Designed as part of the Natal Government Railways' (NGR) project to transport sugar cane and bananas grown in the agricultural Harding district to Port Shepstone, the NGR commissioned Stoke-on-Trent based Kerr Stuart to build seven Class NG4 4-6-2T tank locomotives, based on the 1907 Class NG3 4-6-2T.

The route of the Alfred County Railway had some curves of 45 m, but with gradients of up to 3 in 100 / 3% (ruling grade of 1 in 37 / 2.7% for 20 mi after leaving the coast), the NG4s and their replacements were often double-headed to haul the diverse freight traffic of wood, sugar cane and bananas to Port Shepstone. The line's management decided against purchasing more powerful articulated Garratt locomotives, because their longer wheelbase would make access to the sugar cane fields more difficult.

From the mid-1970s, steam was replaced by Class 91-000 diesel-electric locomotives on the SAR's longer routes, which were more powerful.
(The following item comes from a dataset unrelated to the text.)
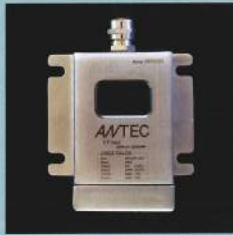
重機用 センサー SKH086

Also, being shorter in chassis length, these diesel-electric locomotives were able to access the growers' farms. Therefore, the SAR decided to transfer the NG G13 and NG G16 Garratts to the Alfred County Railway in Natal.

Due to underinvestment, the Alfred County Railway became increasingly unreliable, and was closed to operations by the SAR in 1986.

==Port Shepstone and Alfred County Railway==
As South Africa's farmers re-entered the global markets in the late 1980s, the quality of produce going to markets became increasingly important. As handling is a key issue in the retail quality of bananas in particular, the farmers were in favour of reviving the Alfred County Railway, to reduce the amount of handling from banana plantation to port.

To raise funds and reduce government expenditure, the Government of South Africa announced it would gradually put into private hands its huge state-owned corporations, including the state electricity corporation, Eskom, and SA Transport Services which owned SAR. The Alfred County Railway was hence chosen as the pilot railway privatisation project.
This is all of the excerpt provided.